Integritas dalam kehidupan demokrasi harus menjadi pedoman dalam setiap tahap pelaksanaannya. Refleksi atas pelaksanaan Pilkada 27 November 2024 lalu telah merongorng kembali fungsi pengawasan dalam proses pemilihan calon pemimpin. Integritas dan pengawasan merupakan dua kata yang tak bisa dipisahkan; integritas menjadi "ruh" pengawasan dan pengawasan adalah "tubuh" dari integritas. Pengawasan yang bebas, adil, dan independen menjadi prasyarat agar demokrasi dapat berjalan sebagaimana mestinya. Namun dalam praktiknya kekuasaaan terkadang mengangkangi independensi sehingga demokrasi seolah tameng dari kebusukan kekuasaan itu sendiri. Tantangan sering kali muncul dari berbagai sisi, termasuk potensi tekanan atau kompromi yang dapat memengaruhi independensi pengawas pemilu.
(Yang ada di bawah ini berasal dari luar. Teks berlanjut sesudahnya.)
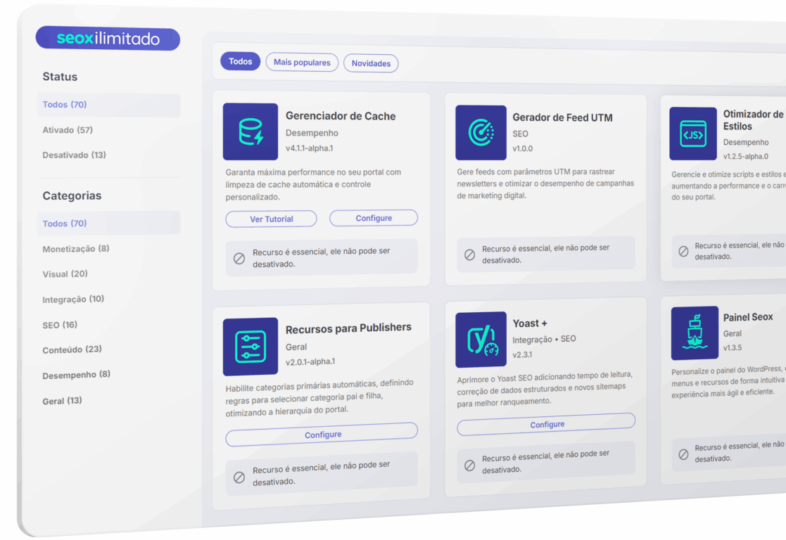 A Seox Store acaba de receber um update significativo que transforma a experiência de navegação e descoberta de recursos. A principal melhoria está na capacidade de filtragem, permitindo que os usuários localizem instantaneamente os itens mais relevantes: agora é possível filtrar especificamente os Recursos Mais Populares e as Novidades desta Atualização.

Dalam kehidupan demokrasi, pengawasan pemilu adalah aspek penting untuk memastikan proses berlangsung secara transparan, akuntabel, dan berkeadilan. Pengawas pemilu diharapkan menjadi figur yang menjunjung tinggi netralitas dan tidak terpengaruh oleh kepentingan tertentu. Netralitas ini adalah bagian dari tanggung jawab moral dan etika dalam pelaksanaan pengawasan.
Namun, menjaga netralitas seringkali dihadapkan pada gesekan kepentingan, baik internal maupun eksternal. Situasi yang melibatkan tekanan atau kesepakatan informal dalam bentuk apapun dapat memengaruhi sikap pengawas, hal ini merupakan salah satu bentuk tantangan etis. Bukan hanya mencederai prinsip pengawasan yang independen tetapi juga berpotensi mengurangi kepercayaan publik terhadap proses demokrasi.
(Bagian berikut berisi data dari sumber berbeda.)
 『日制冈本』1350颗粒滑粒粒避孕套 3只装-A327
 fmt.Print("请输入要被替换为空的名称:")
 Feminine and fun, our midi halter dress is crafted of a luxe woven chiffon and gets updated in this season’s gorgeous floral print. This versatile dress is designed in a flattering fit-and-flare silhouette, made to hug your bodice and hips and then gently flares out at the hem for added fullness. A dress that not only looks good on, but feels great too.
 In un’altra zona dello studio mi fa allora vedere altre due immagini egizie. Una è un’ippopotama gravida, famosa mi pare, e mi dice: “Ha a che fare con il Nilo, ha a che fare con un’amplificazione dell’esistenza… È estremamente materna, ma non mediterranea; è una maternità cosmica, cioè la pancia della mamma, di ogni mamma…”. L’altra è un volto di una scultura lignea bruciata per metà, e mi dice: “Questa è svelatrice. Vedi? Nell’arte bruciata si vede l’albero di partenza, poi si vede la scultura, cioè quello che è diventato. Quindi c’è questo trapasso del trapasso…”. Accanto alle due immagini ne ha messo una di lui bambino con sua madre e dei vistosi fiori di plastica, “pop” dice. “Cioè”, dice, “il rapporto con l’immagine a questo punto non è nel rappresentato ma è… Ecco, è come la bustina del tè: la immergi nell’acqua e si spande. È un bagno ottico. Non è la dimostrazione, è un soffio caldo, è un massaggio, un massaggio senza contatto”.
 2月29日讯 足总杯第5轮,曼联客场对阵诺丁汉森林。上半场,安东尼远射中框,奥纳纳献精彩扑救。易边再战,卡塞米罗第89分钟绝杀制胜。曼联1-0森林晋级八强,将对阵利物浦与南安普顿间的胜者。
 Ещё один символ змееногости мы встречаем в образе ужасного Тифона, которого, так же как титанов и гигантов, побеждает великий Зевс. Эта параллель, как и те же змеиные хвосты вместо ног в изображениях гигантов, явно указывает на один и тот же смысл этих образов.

Dalam pelaksanaan pengawasan pemilu, struktural organisasi yang mendukung independensi pengawas menjadi faktor krusial. Apabila terdapat indikasi bias dalam struktur pengawas, baik secara individual maupun kolektif, hal ini dapat mengarah pada penyimpangan dari prinsip-prinsip dasar demokrasi. Situasi ini dapat memunculkan berbagai persoalan seperti gesekan kepentingan kelompok atau propaganda kolektif untuk menyetir suara rakyat terhadap calon tertentu, bahkan pengabaian terhadap pelanggaran tertentu.
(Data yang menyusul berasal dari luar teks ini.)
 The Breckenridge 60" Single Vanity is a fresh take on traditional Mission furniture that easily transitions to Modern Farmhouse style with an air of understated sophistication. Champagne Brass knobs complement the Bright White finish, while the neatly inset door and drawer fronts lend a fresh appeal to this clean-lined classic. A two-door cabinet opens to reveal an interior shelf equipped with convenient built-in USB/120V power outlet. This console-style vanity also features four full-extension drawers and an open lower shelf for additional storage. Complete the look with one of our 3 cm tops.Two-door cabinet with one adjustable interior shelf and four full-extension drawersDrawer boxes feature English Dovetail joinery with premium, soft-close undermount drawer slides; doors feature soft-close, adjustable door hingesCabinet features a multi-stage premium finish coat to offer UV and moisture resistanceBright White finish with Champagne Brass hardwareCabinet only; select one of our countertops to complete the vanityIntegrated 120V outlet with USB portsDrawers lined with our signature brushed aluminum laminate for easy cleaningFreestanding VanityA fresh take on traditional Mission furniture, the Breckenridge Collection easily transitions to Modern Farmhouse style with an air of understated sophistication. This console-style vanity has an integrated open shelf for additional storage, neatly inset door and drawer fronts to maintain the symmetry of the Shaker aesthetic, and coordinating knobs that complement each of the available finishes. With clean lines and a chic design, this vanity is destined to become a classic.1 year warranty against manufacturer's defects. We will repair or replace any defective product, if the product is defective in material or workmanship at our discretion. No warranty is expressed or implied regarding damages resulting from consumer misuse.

Untuk merespon potensi bias ini transparansi dalam setiap proses mulai dari seleksi hingga pelaksanaan tugas harus menjadi prioritas. Pengawasan internal yang efektif juga diperlukan untuk meminimalkan risiko penyimpangan. Selain itu, penting untuk menanamkan pemahaman mendalam kepada setiap pengawas mengenai esensi dari tugas yang diemban, yaitu melayani kepentingan publik, bukan kelompok tertentu.
Hegemoni kekuasaan sangat kental dalam proses pelaksanaan pemilu. Menanamkan nilai-nilai integritas kepada pengawas masih belum cukup. Harus ada semacam intuisi politik yang dipegang oleh pengawas sebagai filter bahwa pilihan politik adalah soal nurani dan tidak bisa digoyahkan oleh kepentingan atau iming-iming apapun.
Di lapangan, pengawas sering kali dihadapkan pada dilema etis, di mana mereka harus memilih antara menjaga integritas pribadi atau mengikuti tekanan dari pihak-pihak tertentu. Dalam konteks akademik, dilema ini dapat dianalisis melalui pilihan rasional yang menjelaskan bagaimana individu membuat keputusan berdasarkan pertimbangan manfaat dan risiko.
Dalam pengawasan pemilu, keputusan yang diambil seorang pengawas tidak hanya berdampak pada dirinya sendiri tetapi juga pada kredibilitas proses pemilu tempatnya bertugas. Oleh karena itu, penting bagi setiap masyarakat untuk terlibat dalam pengawasan agar mereka memiliki komitmen terhadap prinsip-prinsip demokrasi yang kuat.
Salah satu solusi untuk menghadapi tantangan ini adalah dengan meningkatkan kapasitas dan kesadaran etis para pengawas pemilu. Pendidikan berkelanjutan tentang pentingnya netralitas, integritas, dan transparansi dalam pengawasan harus menjadi bagian dari pelatihan yang diberikan kepada setiap pengawas.
Selain itu, penguatan kapasitas organisasi pengawas pemilu juga harus menjadi fokus. Dengan adanya mekanisme pengawasan internal yang ketat dan dukungan dari sistem yang transparan, pengawas dapat bekerja tanpa tekanan dan intervensi dari pihak mana pun.